We continued the ascent until great Morrow Rock came into view above us, with clouds fragmenting upon contact and drifting over the top. We elected to come back to the rock later in hopes of the fog clearing for a better view. Soon we entered the Giant Forest, which is the exact elevation and climate for monstrous redwood trees.



As we climbed the rock stairway, we felt the clouds rushing through us. It was cold and misty, yet soothing as I breathed in the moist, mountain air. Every so often, there would be a break in the clouds and we could see the valley and road on which we came up. It was too foggy to see the 14,000 ft. high peaks across the way, but it was still incredible to stand out on the cliff and peer over the edge. The final stop in Sequoia was Crescent Meadow, which John Muir called "the gem of the Sierras." Sequoia is full of John Muir quotes and stories. The naturalist and writer once climbed to the top of a tall tree in a thunderstorm to revel in the natural beauty of the wilderness around him. Madness - I had found a new hero. Anyway, the meadow marks a break in the forest roughly the size of a football field, in which lush, emerald grasses grow out of saturated swampland.
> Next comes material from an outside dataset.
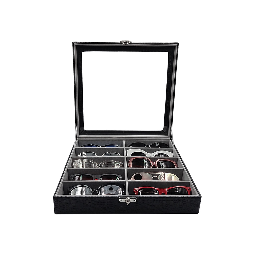 Caixa Estojo Porta Óculos Com 12 Casulos Couro Ecológico Interno Preto

Tom said the Sierras were called the "range of light." I fully grasped what he was talking about. We walked around the glowing, heavenly meadow and paused at a trout stream where Tom used to fish. Small speckled trout still fought against the current under the small bridge. Blair vowed he could catch one with his bare hands, but Tom and I were too hungry to wait around for such a futile exercise.
Starving, we began the long descent through the park, stopping frequently to examine beautiful dogwood flowers and rare, red snow flowers.